REQUIRED WORK
Below are some records. Return exactly the lines from the one containing "主要内容:该研究通过分析47" through the one containing "오를수록 바람은 거세어져", both included, and only those.

GIVEN DATA
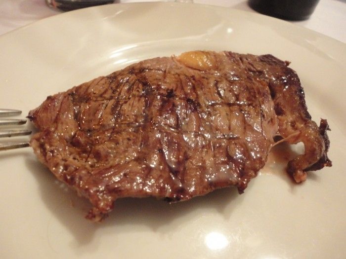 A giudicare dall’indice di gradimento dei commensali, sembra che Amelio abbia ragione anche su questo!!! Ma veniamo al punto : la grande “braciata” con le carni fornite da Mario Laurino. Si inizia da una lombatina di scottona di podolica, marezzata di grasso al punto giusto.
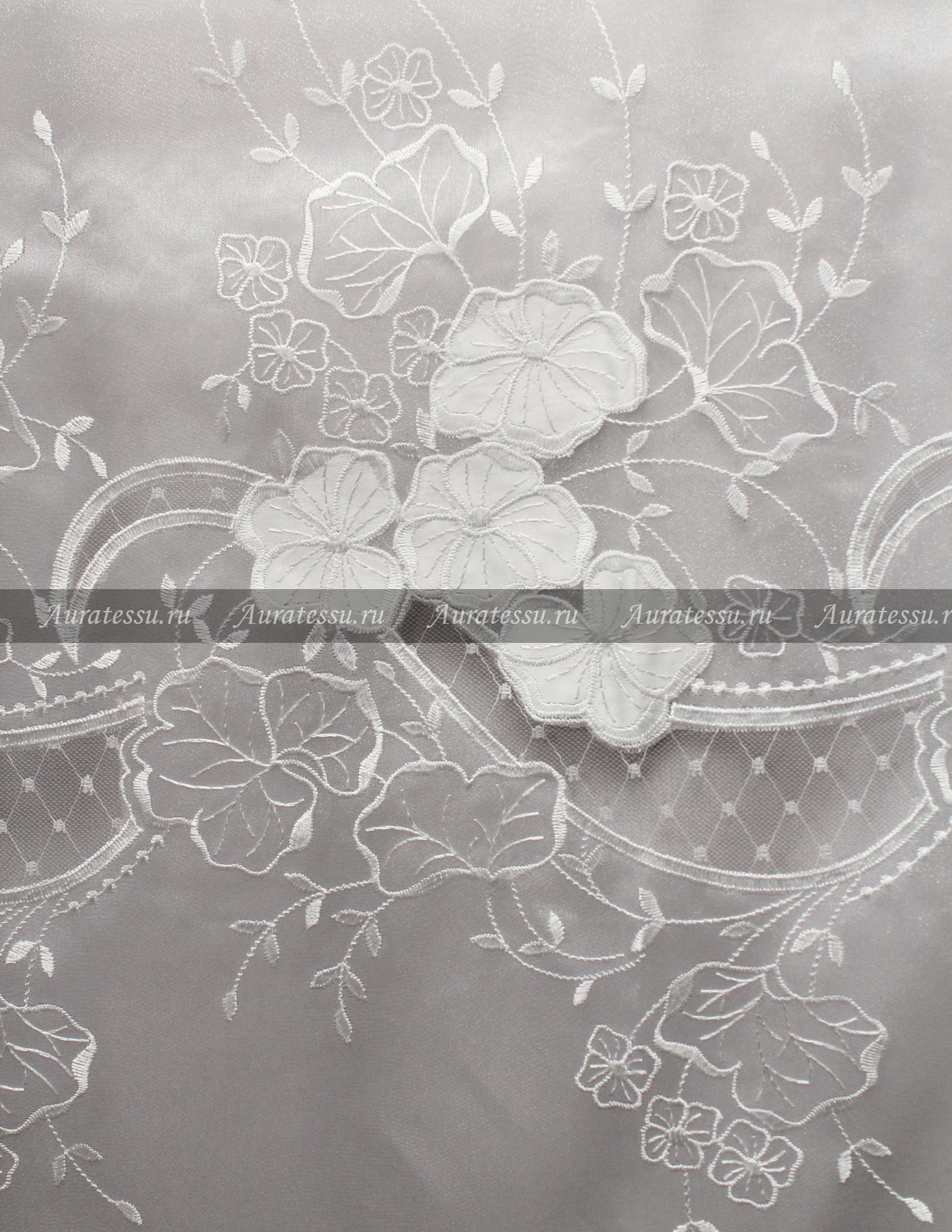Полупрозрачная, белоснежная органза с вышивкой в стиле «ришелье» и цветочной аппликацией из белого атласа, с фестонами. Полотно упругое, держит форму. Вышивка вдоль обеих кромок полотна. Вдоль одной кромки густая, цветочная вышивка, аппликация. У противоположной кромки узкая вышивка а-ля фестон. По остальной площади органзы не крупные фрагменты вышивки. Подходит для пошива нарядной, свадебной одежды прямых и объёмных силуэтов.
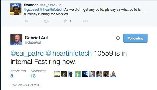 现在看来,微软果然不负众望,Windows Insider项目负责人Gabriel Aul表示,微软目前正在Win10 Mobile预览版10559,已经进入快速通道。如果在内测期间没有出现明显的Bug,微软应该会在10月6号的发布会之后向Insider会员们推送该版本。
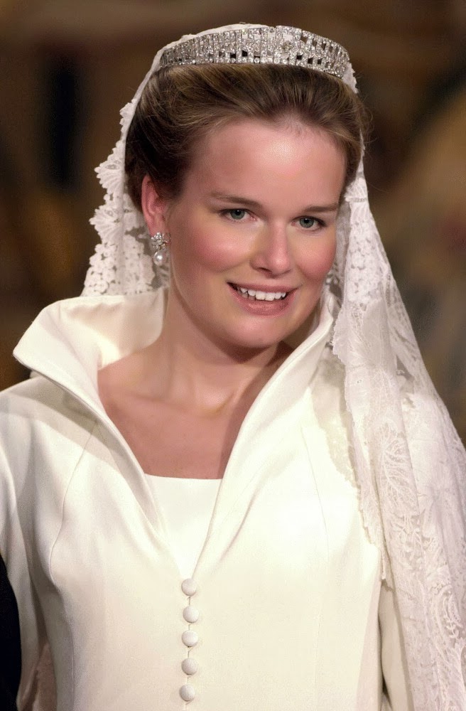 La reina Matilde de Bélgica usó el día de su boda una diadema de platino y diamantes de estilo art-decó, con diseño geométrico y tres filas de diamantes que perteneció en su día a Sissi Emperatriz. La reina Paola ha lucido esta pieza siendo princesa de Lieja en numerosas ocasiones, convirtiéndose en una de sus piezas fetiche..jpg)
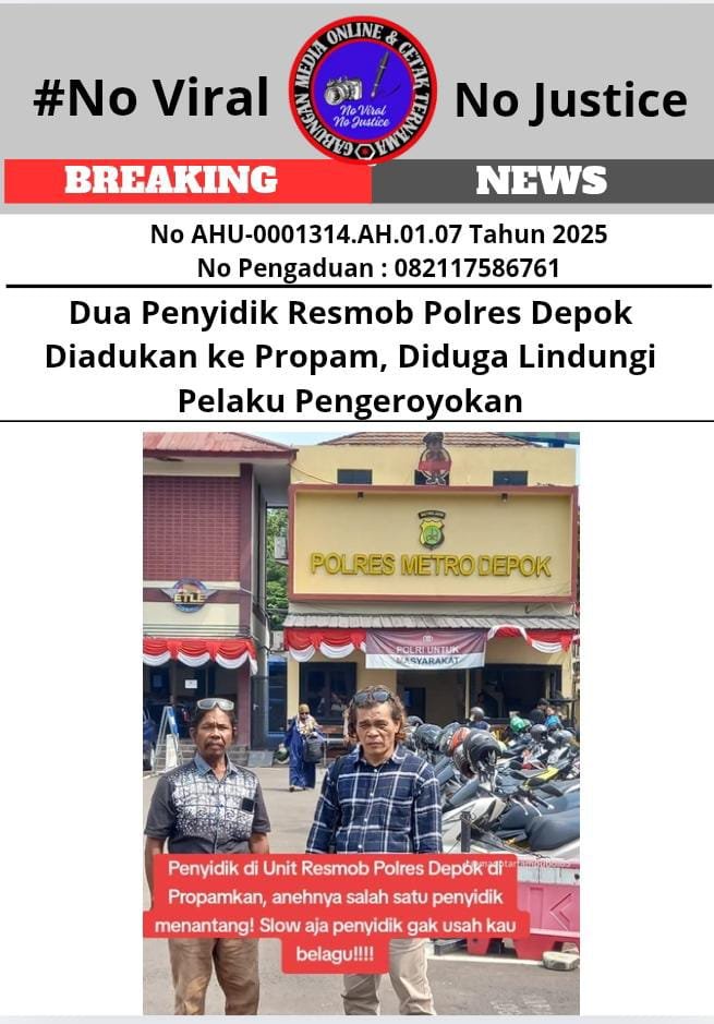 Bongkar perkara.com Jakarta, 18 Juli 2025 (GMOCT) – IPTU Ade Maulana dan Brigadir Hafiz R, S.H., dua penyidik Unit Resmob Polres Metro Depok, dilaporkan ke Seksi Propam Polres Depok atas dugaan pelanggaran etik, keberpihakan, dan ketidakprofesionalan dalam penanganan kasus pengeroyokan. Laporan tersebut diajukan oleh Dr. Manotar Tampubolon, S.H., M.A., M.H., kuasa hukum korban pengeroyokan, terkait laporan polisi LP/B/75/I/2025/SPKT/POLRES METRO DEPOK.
...
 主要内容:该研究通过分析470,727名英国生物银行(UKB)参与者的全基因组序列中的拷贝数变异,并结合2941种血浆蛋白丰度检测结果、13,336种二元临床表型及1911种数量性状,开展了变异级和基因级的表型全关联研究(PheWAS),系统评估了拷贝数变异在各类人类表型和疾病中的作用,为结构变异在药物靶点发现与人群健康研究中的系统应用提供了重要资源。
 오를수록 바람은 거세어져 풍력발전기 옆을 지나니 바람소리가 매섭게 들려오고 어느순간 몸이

RESULT
 主要内容:该研究通过分析470,727名英国生物银行(UKB)参与者的全基因组序列中的拷贝数变异,并结合2941种血浆蛋白丰度检测结果、13,336种二元临床表型及1911种数量性状,开展了变异级和基因级的表型全关联研究(PheWAS),系统评估了拷贝数变异在各类人类表型和疾病中的作用,为结构变异在药物靶点发现与人群健康研究中的系统应用提供了重要资源。
 오를수록 바람은 거세어져 풍력발전기 옆을 지나니 바람소리가 매섭게 들려오고 어느순간 몸이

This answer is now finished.